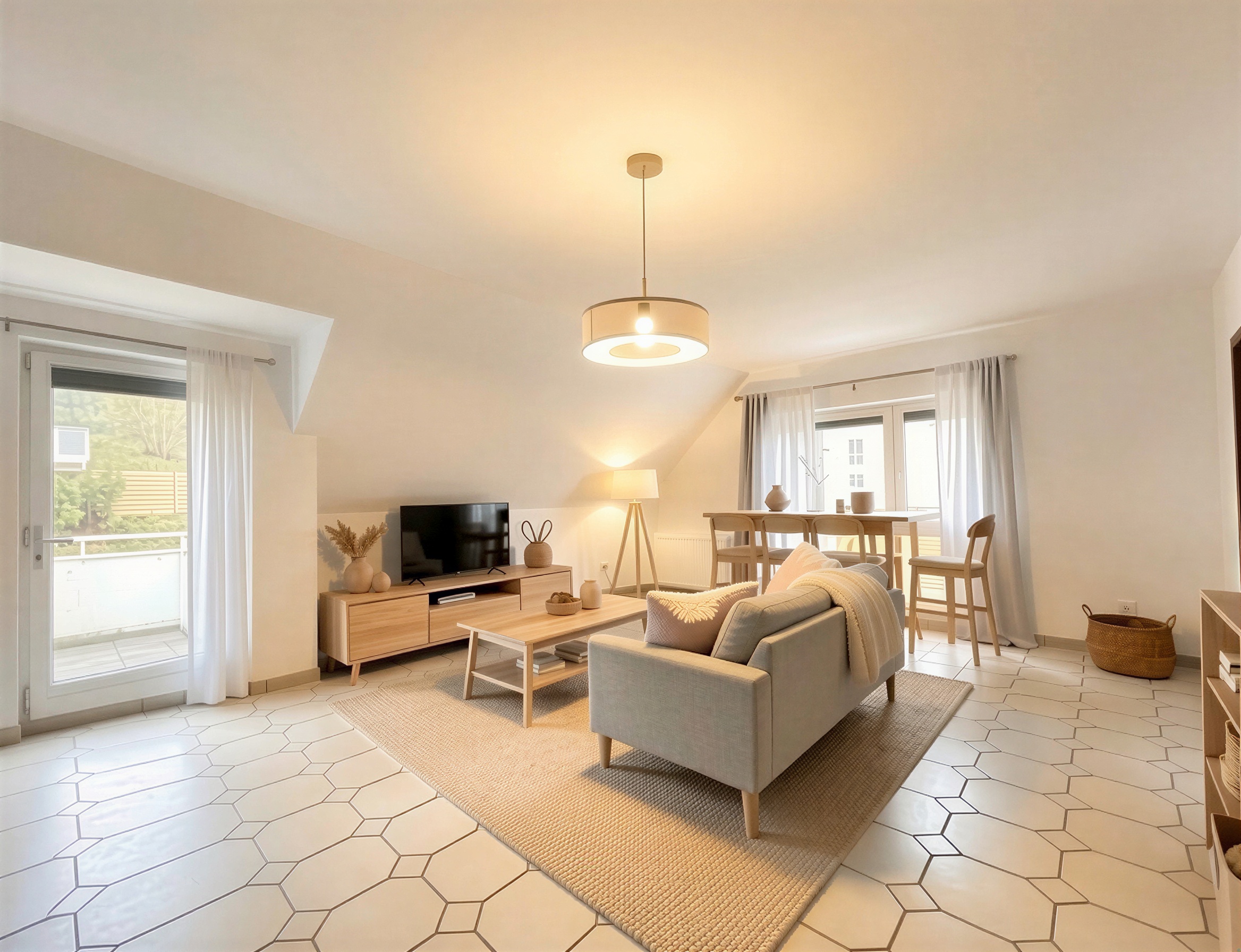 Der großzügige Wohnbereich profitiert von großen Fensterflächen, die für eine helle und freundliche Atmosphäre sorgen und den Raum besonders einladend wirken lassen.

==

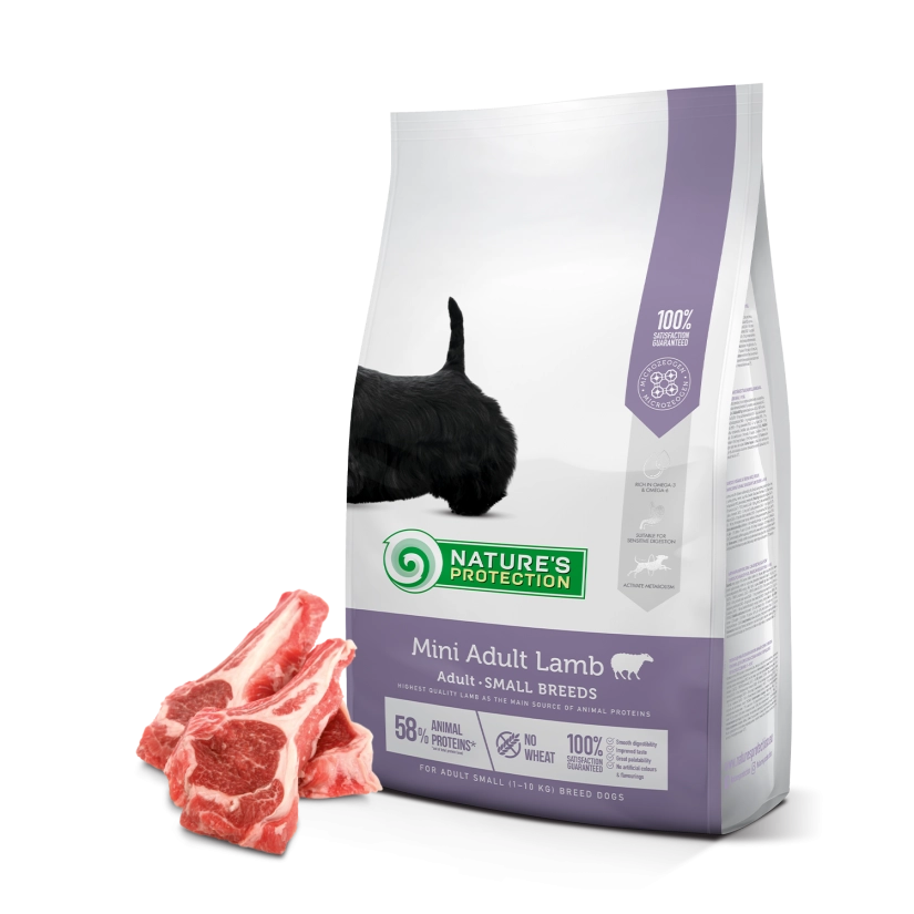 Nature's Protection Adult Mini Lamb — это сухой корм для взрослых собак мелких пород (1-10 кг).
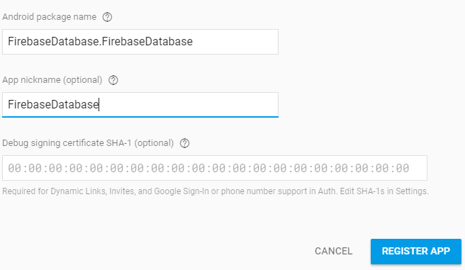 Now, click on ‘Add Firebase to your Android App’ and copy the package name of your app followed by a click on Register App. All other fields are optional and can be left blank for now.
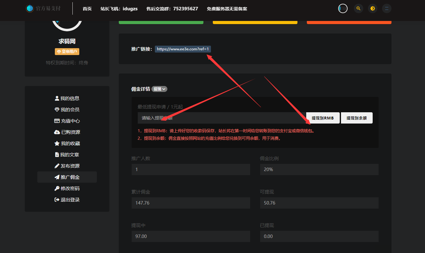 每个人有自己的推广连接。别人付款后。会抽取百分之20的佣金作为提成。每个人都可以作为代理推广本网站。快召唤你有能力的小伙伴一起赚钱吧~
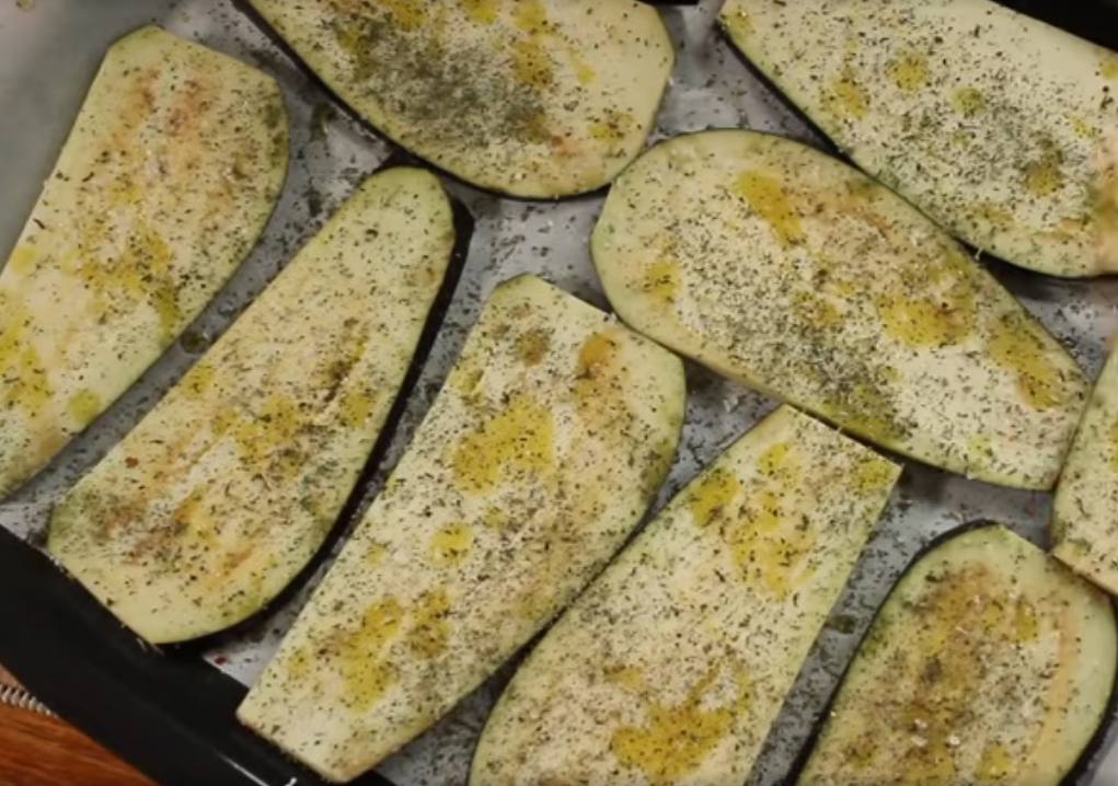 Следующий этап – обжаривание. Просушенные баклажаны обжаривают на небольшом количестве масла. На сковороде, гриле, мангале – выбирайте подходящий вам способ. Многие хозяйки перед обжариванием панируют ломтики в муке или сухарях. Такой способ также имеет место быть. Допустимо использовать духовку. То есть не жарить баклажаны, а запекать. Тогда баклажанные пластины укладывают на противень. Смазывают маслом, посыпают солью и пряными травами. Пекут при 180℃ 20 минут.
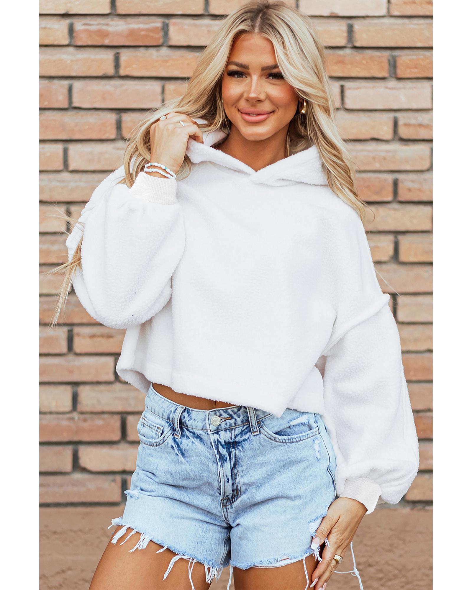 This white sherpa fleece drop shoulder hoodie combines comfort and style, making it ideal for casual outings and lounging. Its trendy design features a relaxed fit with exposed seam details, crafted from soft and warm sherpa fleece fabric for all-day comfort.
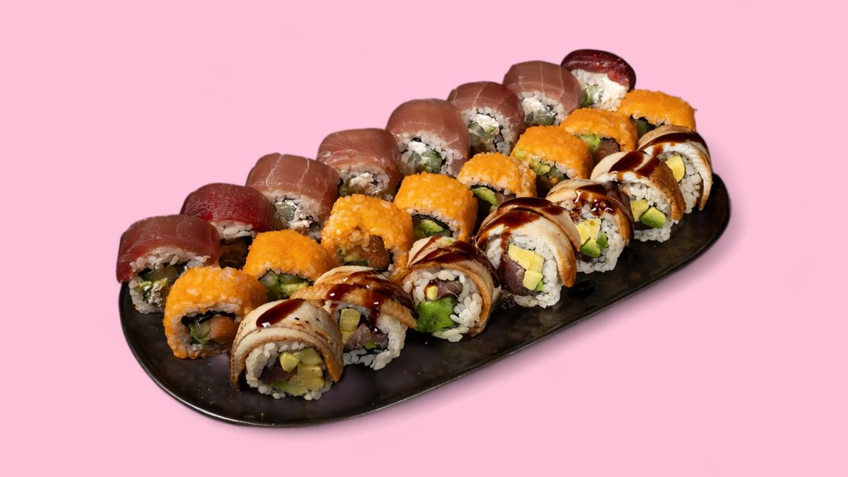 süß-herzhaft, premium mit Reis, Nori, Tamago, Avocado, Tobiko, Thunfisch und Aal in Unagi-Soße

▶ [Task instructions] Working from the records above, set down word for word everything from the line containing "This white sherpa" down to the line containing "süß-herzhaft, premium mit", ends included, minus the pictures.

▶ [Exercise answer]
 This white sherpa fleece drop shoulder hoodie combines comfort and style, making it ideal for casual outings and lounging. Its trendy design features a relaxed fit with exposed seam details, crafted from soft and warm sherpa fleece fabric for all-day comfort.
 süß-herzhaft, premium mit Reis, Nori, Tamago, Avocado, Tobiko, Thunfisch und Aal in Unagi-Soße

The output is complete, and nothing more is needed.